Generally, We maintain multiple copies of application data for the purpose of fault-tolerance and
data-integrity. There are variety of consensus algorithms to manage multiple copies of data, which
differs in levels of data consistency and performance. Each consensus algorithm may have multiple
industrial implementations. The Consensus Layer aims to hide all complications behind different
consensus algorithms and implementations, providing higher level of abstraction to the user.
# Consensus Layer
### Basic Concepts
* `IStateMachine` is the user application that manages a local copy of data.

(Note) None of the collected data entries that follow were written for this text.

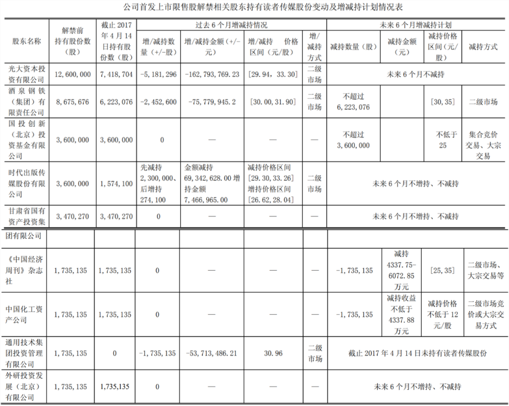 而根据2017年4月读者传媒回复上交所问询函披露的信息,2016年-2017年4月已解除限售的9个发起股东中,4个已不同程度通过二级市场减持了股份。其中酒钢集团套现7580万;时代传媒套现6900万;通用投资则清空了所有股份,套现5370万。还有4个股东都有未来6个月减持公司股份的计划。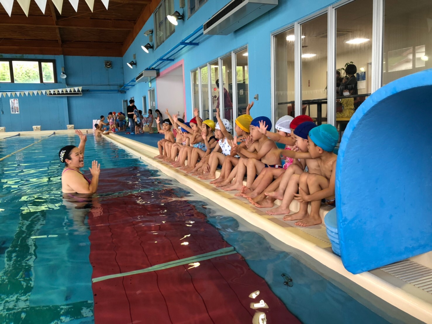 20 9月2019 0 年中組、初めてのスイミング!! お知らせ 年中さくら・ばら組さんは今日、初めての スイミングに行ってきました? 水遊びとは違う深いプールが怖くて 少し涙が出ちゃうお友達もいましたが 最後にはみんなにこにこ笑顔で 終える事が出来ました✨ これから月1回のスイミングが楽しみです?♂️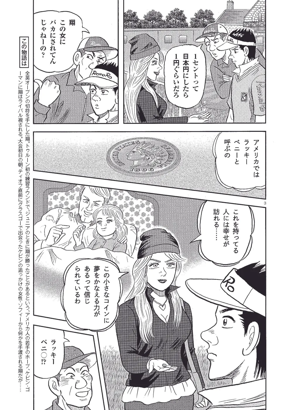 全英オープンの切符を手にした翔。トゥルーン初の練習ラウンドで、ジュニアのときに翔が勝ったことがあるという、アメリカ人の若手のホープ、ケビン・ゴーマンに翔はライバル視される。大会初日の朝、ティオフ直前にグラスゴーで出会ったケビンの追っかけの女性・ソフィーから何かを手渡される翔だが……
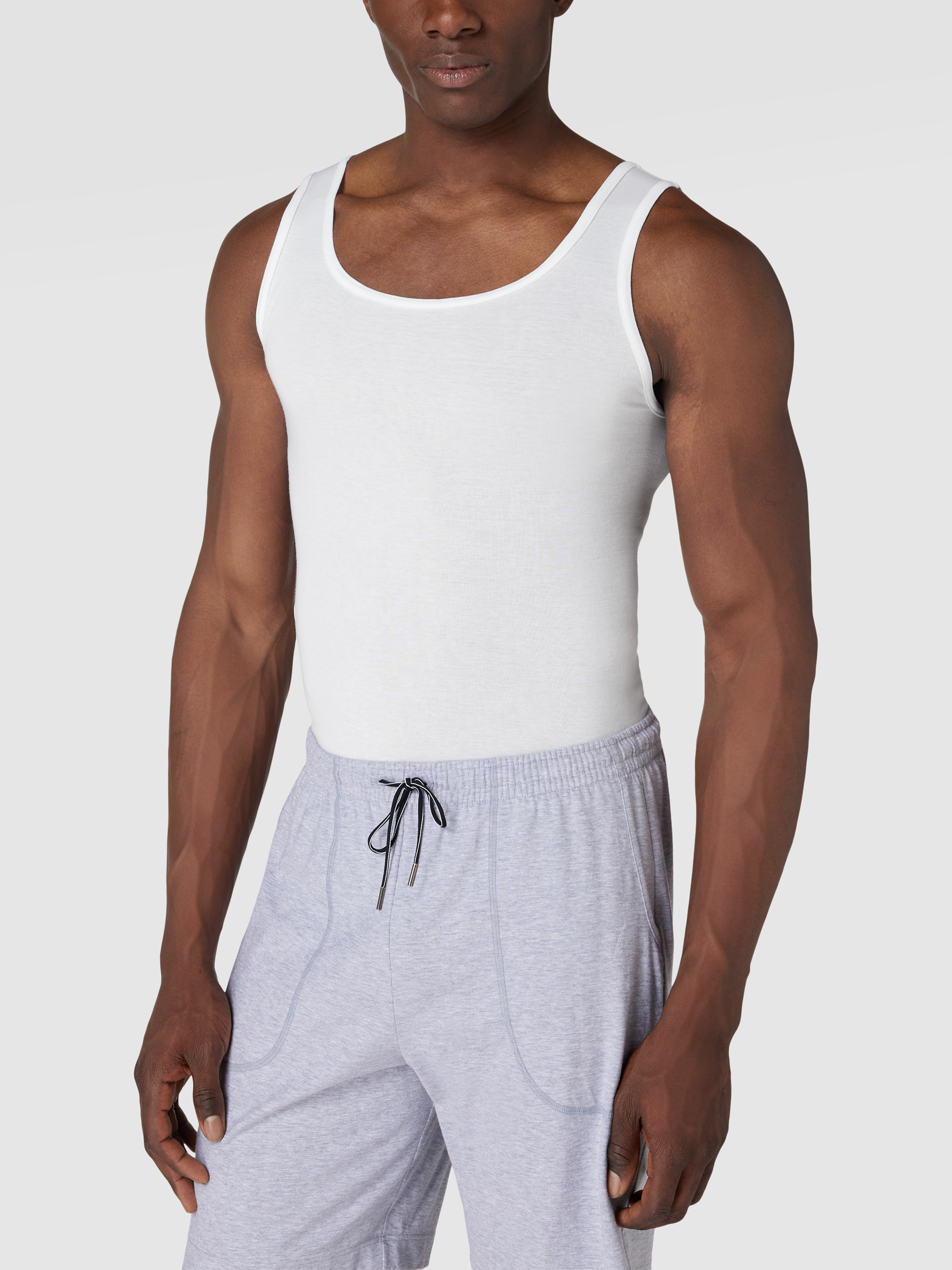 Das Herren Tanktop von Mey, gefertigt aus reiner Baumwolle, kombiniert angenehmen Tragekomfort mit einem schmalen Schnitt. Das unifarbene Design macht es vielseitig einsetzbar, während der gerippte Rundhalsausschnitt und die gerippten Ärmelabschlüsse für eine dezente Struktur sorgen. Ideal für entspannte und sportliche Aktivitäten.

* `Peer` is the smallest consensus unit (inside a process), which holds a `IStateMachine`
internally.
* `ConsensusGroup` is a group of `Peer` all managing the same copy of data.

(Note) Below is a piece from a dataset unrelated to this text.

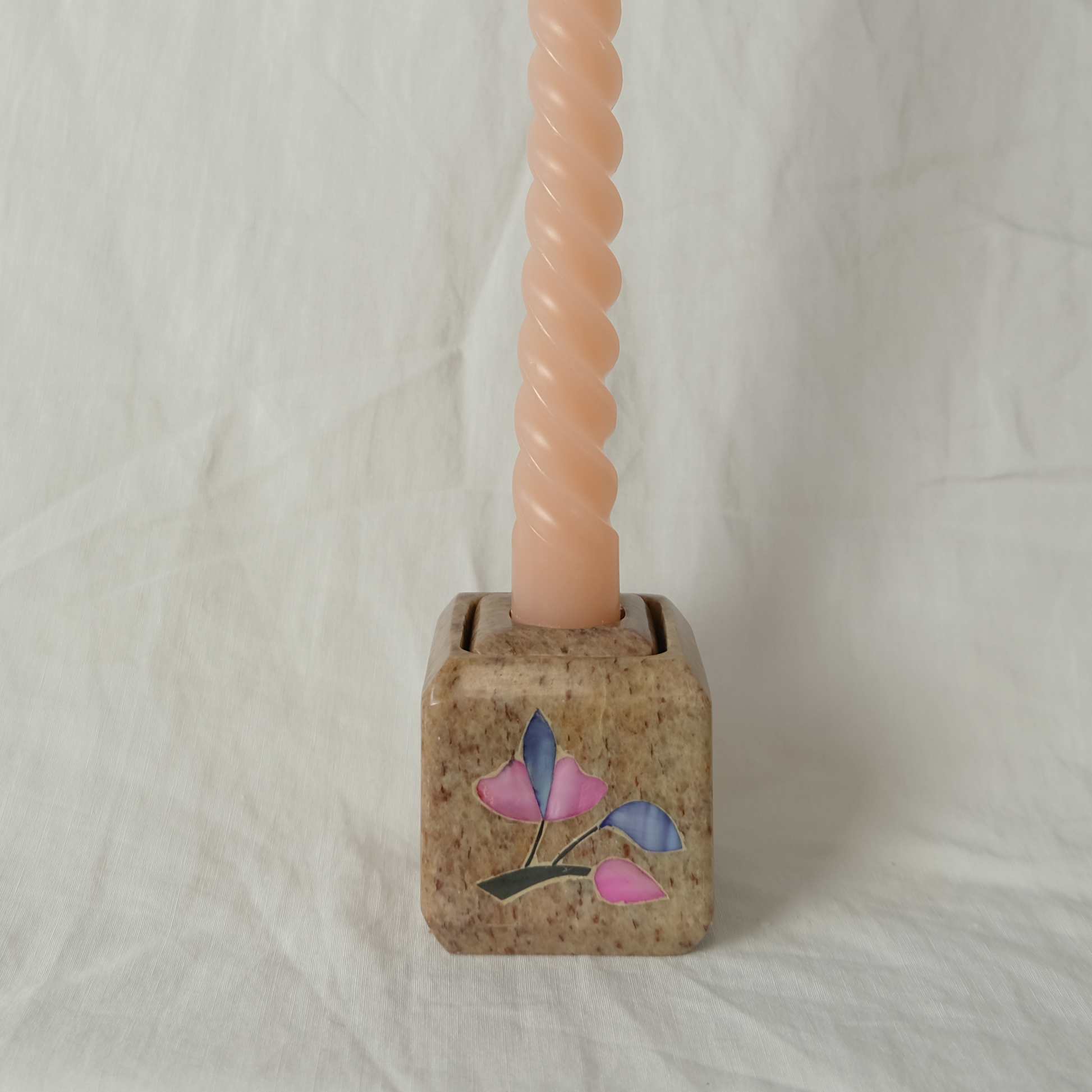 פמוט מרובע עשוי שיש טבעי בגוון ורוד, על פאה אחת שלו מוטבע פרח בצדף מבריק. בתוך הפמוט ישנה קוביה להעמדת הנר במידות שונות. בחרו את גודל הנר שתרצו וסובבו את הקוביה לחור בגודל המתאים.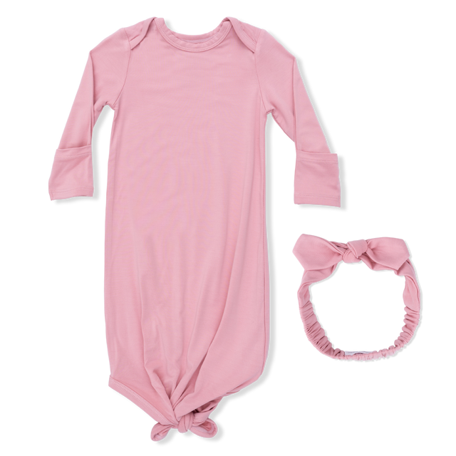 Solid Rose Elegance - Knotted Gown and Headband

* `IConsensus` interface defines the basic functionality provided by Consensus Layer.
* `ConsensusFactory` is the only factory class exposed to other modules to create a consensus layer
implementation.
User application can create a `ConsensusGroup` with k `Peer` to store data, i.e. that there will be
k copies of data.
When write data into a `ConsensusGroup` using `IConsensus::write`, it will be sent to the group
leader's `IStateMachine::write` . The leader makes decision about this write operation first, then
applies write-operation to the local statemachine using `IStateMachine::write`, and forward this
operation to other members' `IStateMachine::write` in the same group
### How to use
1. Define the `IStateMachine` to manage local copy of data.

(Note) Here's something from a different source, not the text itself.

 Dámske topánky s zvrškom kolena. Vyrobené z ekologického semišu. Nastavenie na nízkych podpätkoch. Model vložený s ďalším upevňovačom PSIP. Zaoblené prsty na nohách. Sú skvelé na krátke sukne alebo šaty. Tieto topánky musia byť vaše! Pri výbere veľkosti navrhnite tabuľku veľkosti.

2. Define the `IConsensusRequest` to customize request format
3. Define the `DataSet` to customize the response format
4. Select a specific "IConsensus" class name and call `ConsensusFactory.getConsensusImpl()` to
instantiate the corresponding consensus protocol
# Ratis Consensus Implementation
RatisConsensus is a multi-raft implementation of `IConsensus` protocol. It is based
on [Apache Ratis](https://ratis.apache.org/).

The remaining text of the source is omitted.